──────── Supplied data ────────
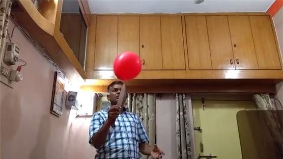 Suresh Gaur bounced a balloon on the tip of a knife 216 times in one minute.
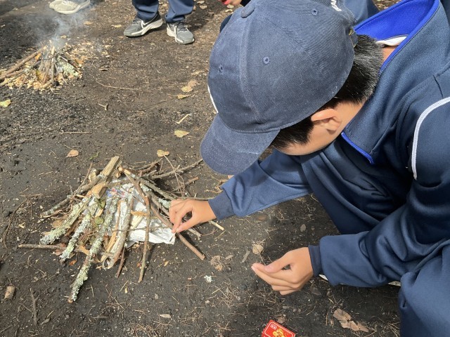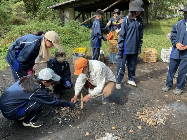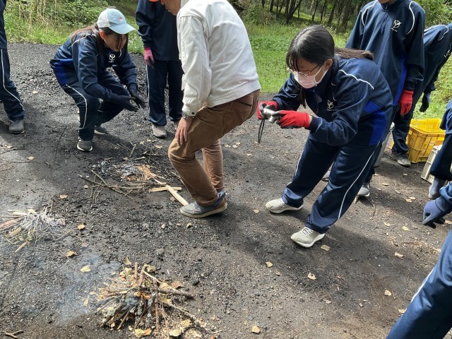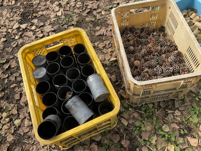 空き缶と松ぼっくりや竹で炭を作る体験をします。
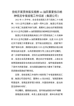 加强企业党内巡察监督实践思考巡视和巡察一字之差,既有相同之处,也因主体、对象等因素的不同,存在一定的差异性。巡视更侧重于面上的"视",巡察更侧重于具体问题的"察",需要我们在实践中不断总结摸索,完善提高。为此,公司党委认真借鉴巡视工作的经验和做法,探索实践,以发现问题、形成震慑为目标,推动全面从严治党在基层落地生根。一、主要做法和经验(一)抓实“三个关键”,扛牢巡察工作主体责任。1.统筹谋划把好"方向盘"。党委始终着眼于围绕中心、服务大局开展巡察工作,聚焦"四个落实"要求,准确把握全面从严治党阶段性特征,建立"党委统一领导、纪委协调推进、巡察办统筹协调、基层党委主动配合,对基层党委、党支部巡察...
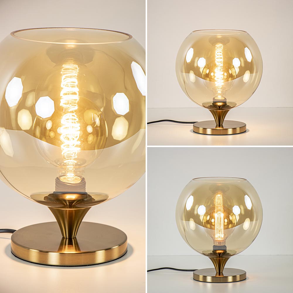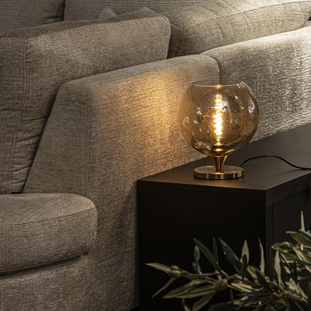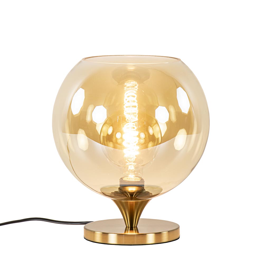 Homepagina / Lampen / Tafellampen / Elegante tafellamp donker goud met amber glazen bol 25 cm
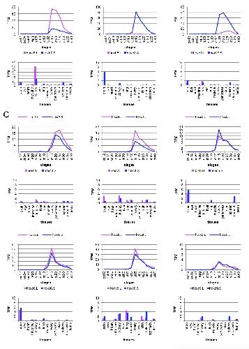 Fig. 6. Summary of expression profiles.Single asterisks indicate homeologs thatbelong to the same ExpG during develop-mental stages and show a similar patternof expression in adult tissues. Doubleasterisks indicate homeologs in which theexpression of one of the two is notdetected or is relatively low.
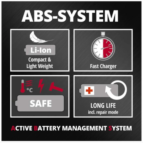 La batería y el cargador se venden por separado, por ejemplo, con el práctico kit de arranque en diferentes niveles
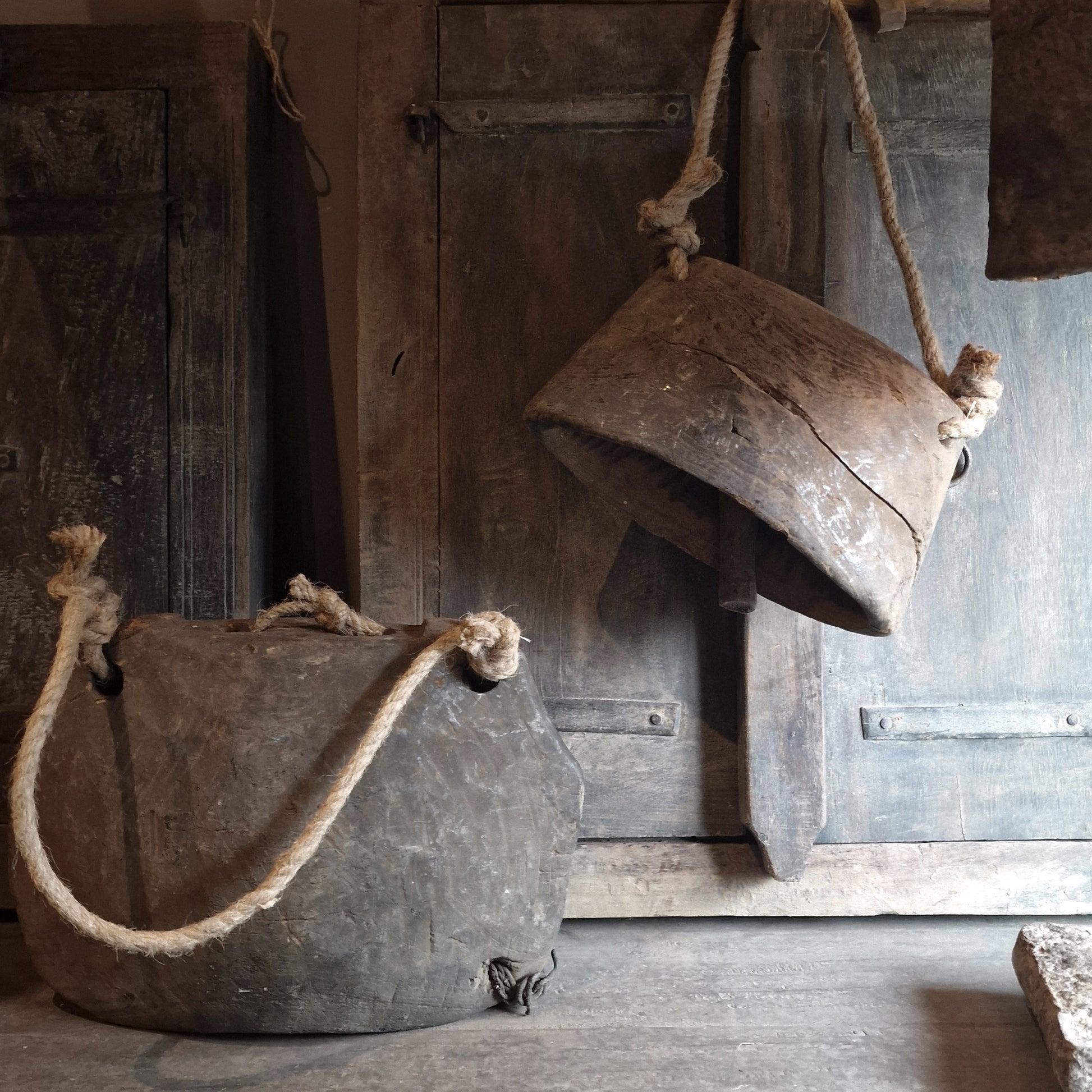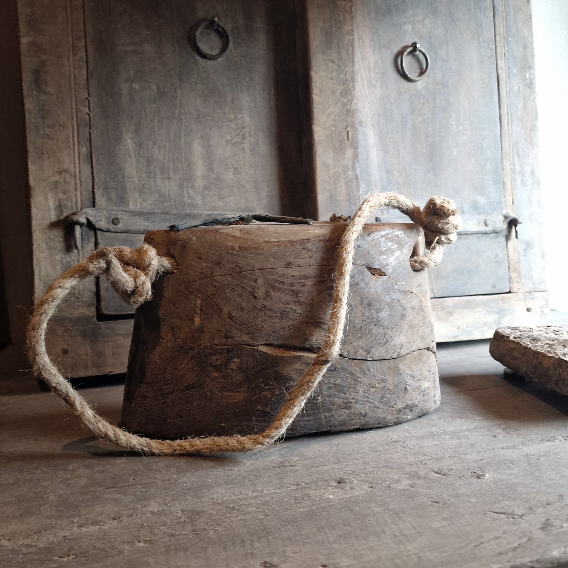 Deze unieke oude koebel uit China is een prachtig stuk volksambacht. Het massieve, doorleefde hout toont diepe nerven en natuurlijke scheuren die zijn leeftijd en verleden prijsgeven.
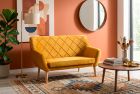 : ткань / Вес, кг: 26 / Высота (см): 90 / Гарантия, мес.: 12 / Глубина (см): 75 / Количество коробок: 1 / Материал каркаса: дерево / Материал сидения: велюр / Необходимость сборки: да / Размер упаковки 1: 1,3/0,76/0,68 / Страна производитель: Польша / Цвет: желтый / Ширина (см): 136
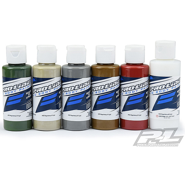 This is the all-new Pro-Line RC Body Paint All Pearl Color Set (6 Pack) – Mil Spec Green, Mojave Sand, Primer Gray, Dark Earth, Mars Red Oxide, Matte Clear specially formulated for Polycarbonate. Pro-Line’s Team of Innovators have painted literally thousands of RC car bodies over the years and now offers ready to spray R/C Body paints specially formulated to help you achieve the same jaw-dropping results we do. Developed by R/C body painters for painters, this water-based airbrush paint is ultra-flexible, extremely durable and easy to use. Have the confidence that you are spraying the best!
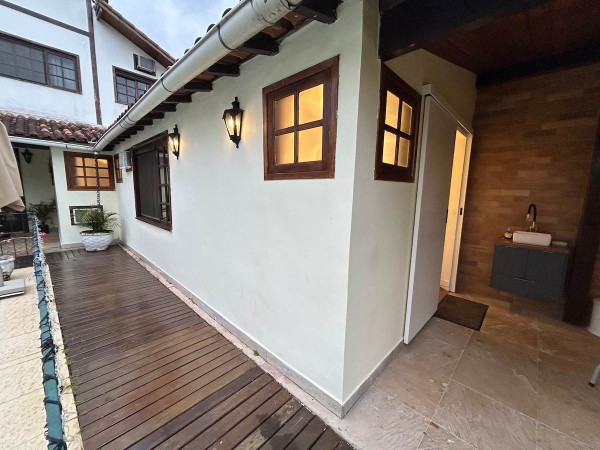 O espaço é muito charmoso, confortável e equipado com cozinha e acessórios, TV, ar refrigerado e WIFI. Tem acesso independente e fica bem perto do deck com piscina e ampla visão do Cristo Redentor ao Pão de Açúcar. Na área da piscina tem uma ducha e mais um amplo banheiro com chuveiro e água quente. Também compartilhamos nossa lavanderia. A Rua é bem servida de ônibus, taxis e UBER que pela nossa localização acaba ficando tudo perto e equidistante.
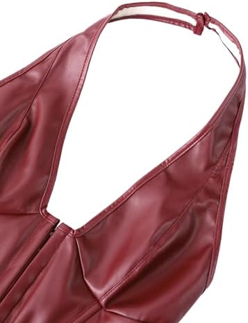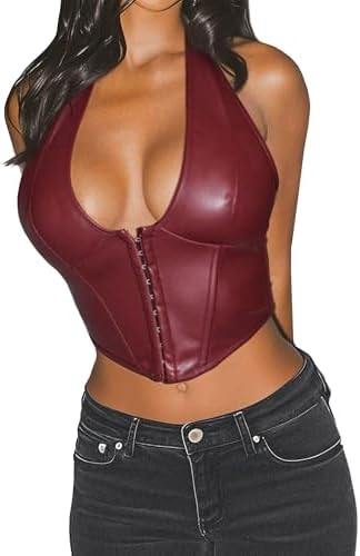 Women's Y2K Leather Halter Top Backless Corset Bustier Top Lace Up Sexy Going Out Crop Tank Halter Neck Party Club
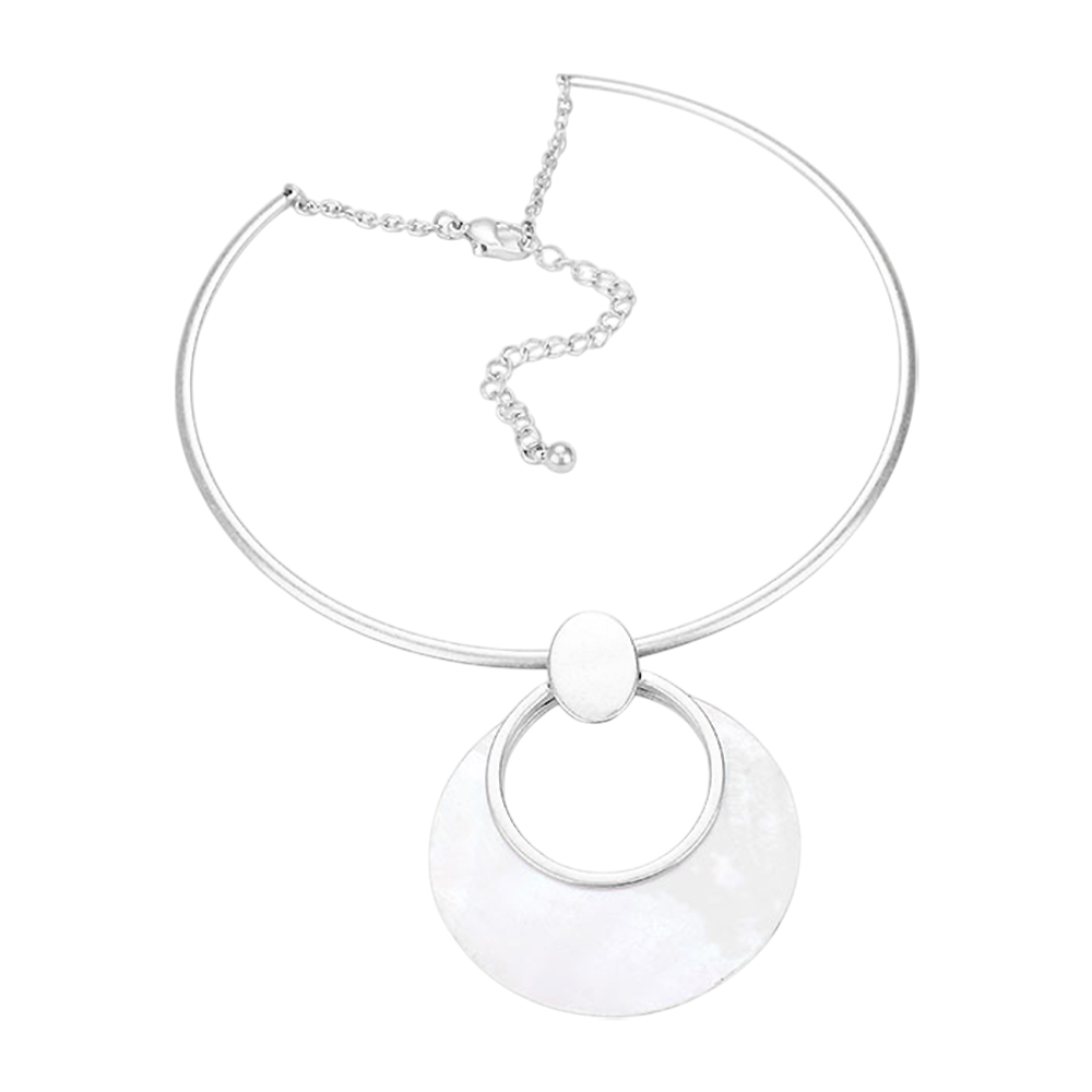 Hollow Round Mother of Pearl Metal Choker Necklace
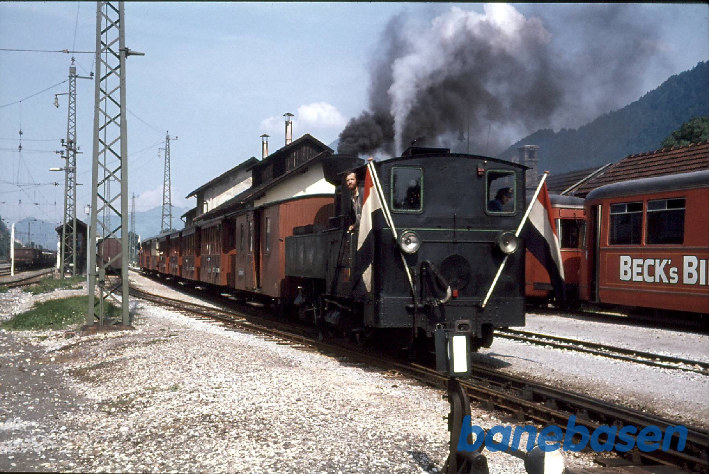 Østrig - Smalsporsbaner. Lok nr. 2 med udflugtstog ankommer til Jenbach
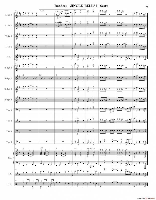JINGLE BELLS!萨克斯谱(第一次中音萨克斯分谱),JINGLE BELLS!萨克斯简谱"
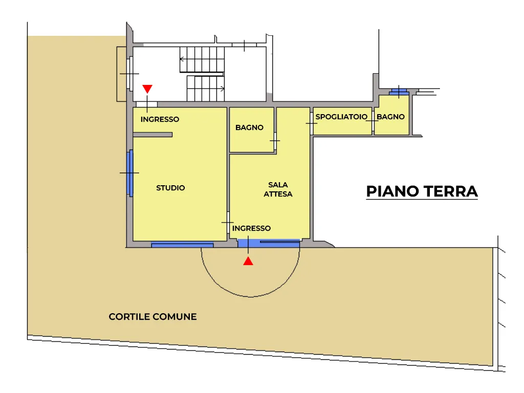È composto da: ingresso, sala d’attesa e sala adibita ad ambulatorio odontoiatrico, oltre a un bagno e a un ulteriore locale adibito a spogliatoio con secondo bagno.
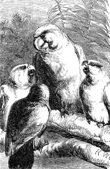 "Well, sir," continued Polly, "as I sat looking out of the nest in the tree, another parrot came and sat beside me, asking all sorts of questions as to where my mother had gone; and when I told him, he stayed and took care of me. I suppose he must have been my father. But before I was[Pg 65] many months older, I was knocked down off the tree, just in the same way as Cockatoo says his mother was knocked down, and I was put into a cage and carried away along with ever so many birds. I've scarcely any recollection of living out of a cage, sir, or off a perch, the time I stayed in my native woods being so short, and so very long ago."
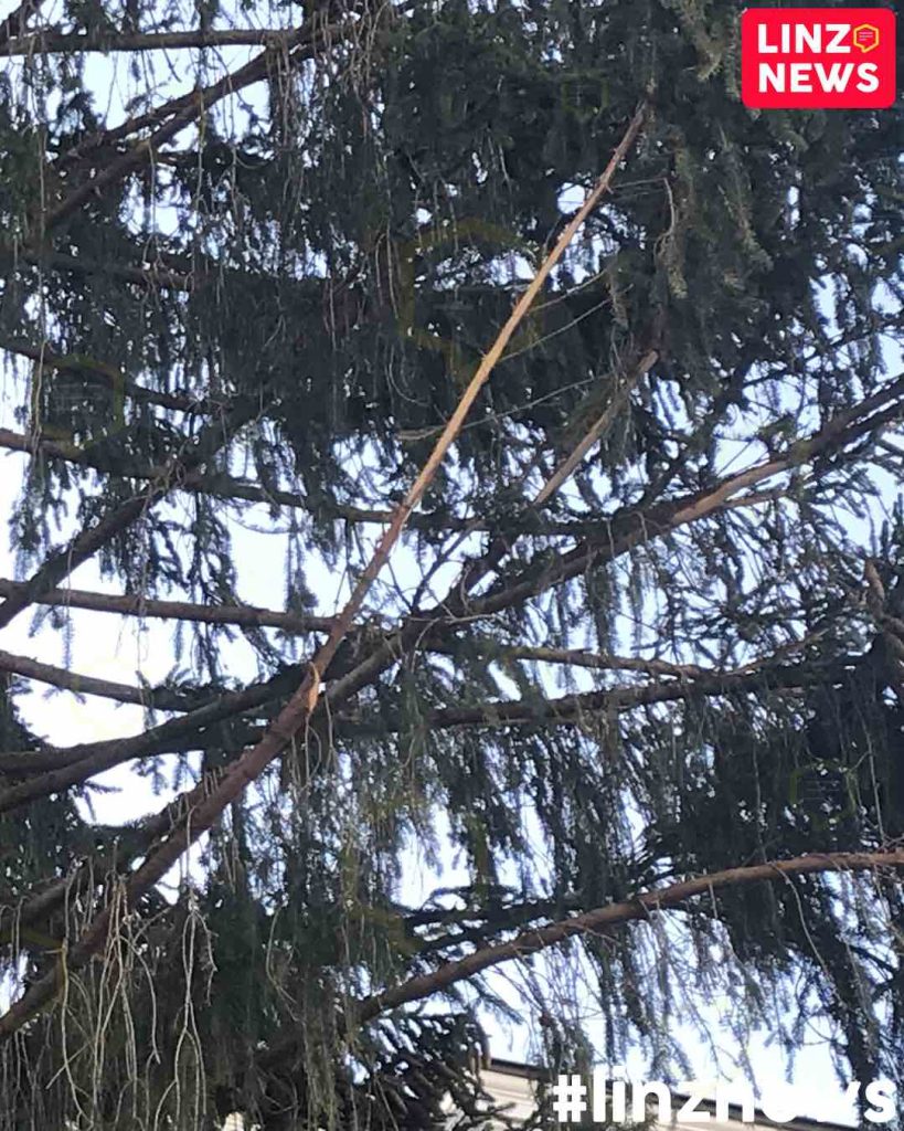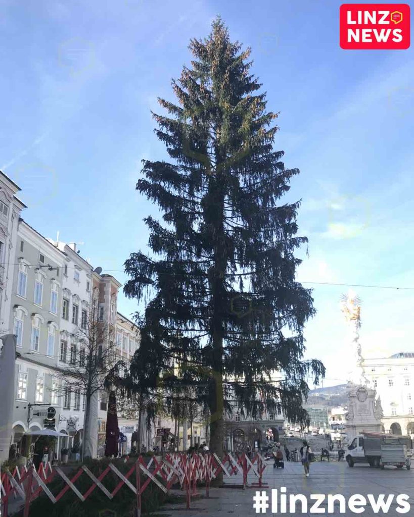 Auch wenn erst der 3. November ist, steht in Linz schon der Christbaum. Hauptgrund ist die Anlieferung der Hütten für den Christkindlmarkt. Der Baum könnte ansonsten später nicht mehr aufgestellt werden.
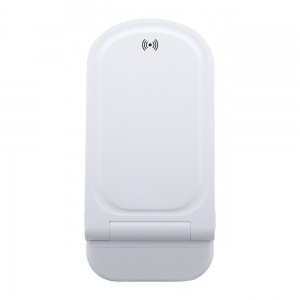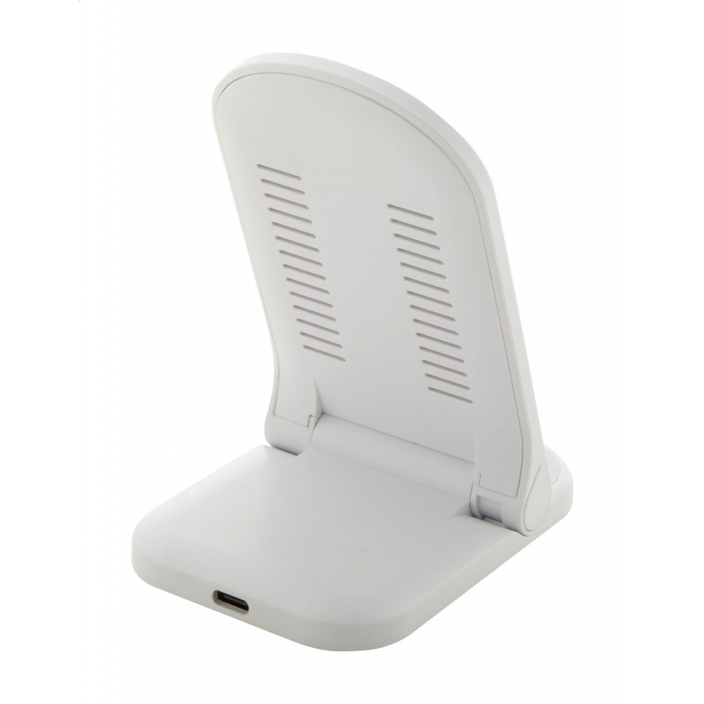 Artikel-Nr: AND864045-01Faltbarer und regulierbarer Handyhalter aus recyceltem ABS-Kunststoff mit eingebautem Wireless-Fastcharger (15W). Inkl. USB-Ladekabel.
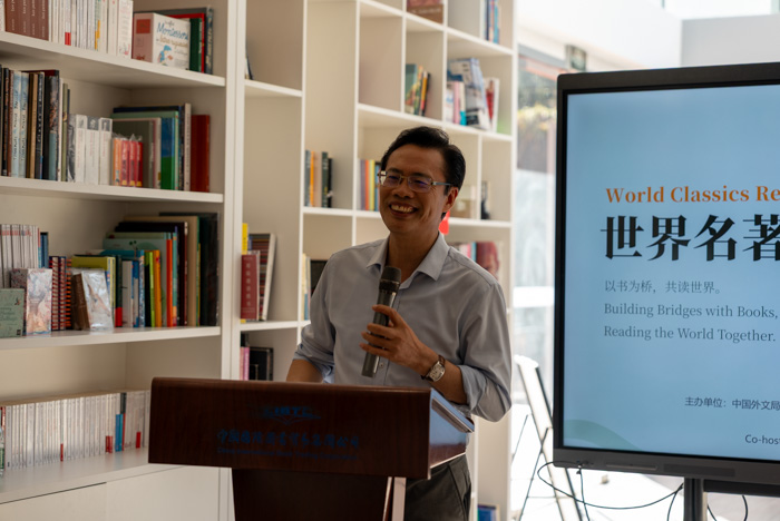 讀書會以“以書為橋,共讀世界”為主題,聚焦文學打破文化隔閡、傳遞人類共同價值的作用。余應福在致辭中表示,今年是習近平總書記給外文出版社外國專家回信三周年,總書記強調翻譯是促進人類文明交流的重要工作。而文學作為人類精神的共同財富,更是連接不同文明的“心靈橋梁”。中國外文局始終以“講好中國故事、促進文明互鑒”為使命,此次讀書會既是“外專之家”建設的重要實踐,也是對“全國讀書節”的積極響應。同時他還通報了外文局近期《習近平談治國理政》第五卷全球發行、第二屆蘭花獎舉辦等重點工作成果。
────────
(Aim of the task): Please output all the data exactly as given, with the pictures omitted.

(Output for this task):
 Suresh Gaur bounced a balloon on the tip of a knife 216 times in one minute.
 空き缶と松ぼっくりや竹で炭を作る体験をします。
 加强企业党内巡察监督实践思考巡视和巡察一字之差,既有相同之处,也因主体、对象等因素的不同,存在一定的差异性。巡视更侧重于面上的"视",巡察更侧重于具体问题的"察",需要我们在实践中不断总结摸索,完善提高。为此,公司党委认真借鉴巡视工作的经验和做法,探索实践,以发现问题、形成震慑为目标,推动全面从严治党在基层落地生根。一、主要做法和经验(一)抓实“三个关键”,扛牢巡察工作主体责任。1.统筹谋划把好"方向盘"。党委始终着眼于围绕中心、服务大局开展巡察工作,聚焦"四个落实"要求,准确把握全面从严治党阶段性特征,建立"党委统一领导、纪委协调推进、巡察办统筹协调、基层党委主动配合,对基层党委、党支部巡察...
 Homepagina / Lampen / Tafellampen / Elegante tafellamp donker goud met amber glazen bol 25 cm
 Fig. 6. Summary of expression profiles.Single asterisks indicate homeologs thatbelong to the same ExpG during develop-mental stages and show a similar patternof expression in adult tissues. Doubleasterisks indicate homeologs in which theexpression of one of the two is notdetected or is relatively low.
 La batería y el cargador se venden por separado, por ejemplo, con el práctico kit de arranque en diferentes niveles
 Deze unieke oude koebel uit China is een prachtig stuk volksambacht. Het massieve, doorleefde hout toont diepe nerven en natuurlijke scheuren die zijn leeftijd en verleden prijsgeven.
 : ткань / Вес, кг: 26 / Высота (см): 90 / Гарантия, мес.: 12 / Глубина (см): 75 / Количество коробок: 1 / Материал каркаса: дерево / Материал сидения: велюр / Необходимость сборки: да / Размер упаковки 1: 1,3/0,76/0,68 / Страна производитель: Польша / Цвет: желтый / Ширина (см): 136
 This is the all-new Pro-Line RC Body Paint All Pearl Color Set (6 Pack) – Mil Spec Green, Mojave Sand, Primer Gray, Dark Earth, Mars Red Oxide, Matte Clear specially formulated for Polycarbonate. Pro-Line’s Team of Innovators have painted literally thousands of RC car bodies over the years and now offers ready to spray R/C Body paints specially formulated to help you achieve the same jaw-dropping results we do. Developed by R/C body painters for painters, this water-based airbrush paint is ultra-flexible, extremely durable and easy to use. Have the confidence that you are spraying the best!
 O espaço é muito charmoso, confortável e equipado com cozinha e acessórios, TV, ar refrigerado e WIFI. Tem acesso independente e fica bem perto do deck com piscina e ampla visão do Cristo Redentor ao Pão de Açúcar. Na área da piscina tem uma ducha e mais um amplo banheiro com chuveiro e água quente. Também compartilhamos nossa lavanderia. A Rua é bem servida de ônibus, taxis e UBER que pela nossa localização acaba ficando tudo perto e equidistante.
 Women's Y2K Leather Halter Top Backless Corset Bustier Top Lace Up Sexy Going Out Crop Tank Halter Neck Party Club
 Hollow Round Mother of Pearl Metal Choker Necklace
 Østrig - Smalsporsbaner. Lok nr. 2 med udflugtstog ankommer til Jenbach
JINGLE BELLS!萨克斯谱(第一次中音萨克斯分谱),JINGLE BELLS!萨克斯简谱"
È composto da: ingresso, sala d’attesa e sala adibita ad ambulatorio odontoiatrico, oltre a un bagno e a un ulteriore locale adibito a spogliatoio con secondo bagno.
 "Well, sir," continued Polly, "as I sat looking out of the nest in the tree, another parrot came and sat beside me, asking all sorts of questions as to where my mother had gone; and when I told him, he stayed and took care of me. I suppose he must have been my father. But before I was[Pg 65] many months older, I was knocked down off the tree, just in the same way as Cockatoo says his mother was knocked down, and I was put into a cage and carried away along with ever so many birds. I've scarcely any recollection of living out of a cage, sir, or off a perch, the time I stayed in my native woods being so short, and so very long ago."
 Auch wenn erst der 3. November ist, steht in Linz schon der Christbaum. Hauptgrund ist die Anlieferung der Hütten für den Christkindlmarkt. Der Baum könnte ansonsten später nicht mehr aufgestellt werden.
 Artikel-Nr: AND864045-01Faltbarer und regulierbarer Handyhalter aus recyceltem ABS-Kunststoff mit eingebautem Wireless-Fastcharger (15W). Inkl. USB-Ladekabel.
 讀書會以“以書為橋,共讀世界”為主題,聚焦文學打破文化隔閡、傳遞人類共同價值的作用。余應福在致辭中表示,今年是習近平總書記給外文出版社外國專家回信三周年,總書記強調翻譯是促進人類文明交流的重要工作。而文學作為人類精神的共同財富,更是連接不同文明的“心靈橋梁”。中國外文局始終以“講好中國故事、促進文明互鑒”為使命,此次讀書會既是“外專之家”建設的重要實踐,也是對“全國讀書節”的積極響應。同時他還通報了外文局近期《習近平談治國理政》第五卷全球發行、第二屆蘭花獎舉辦等重點工作成果。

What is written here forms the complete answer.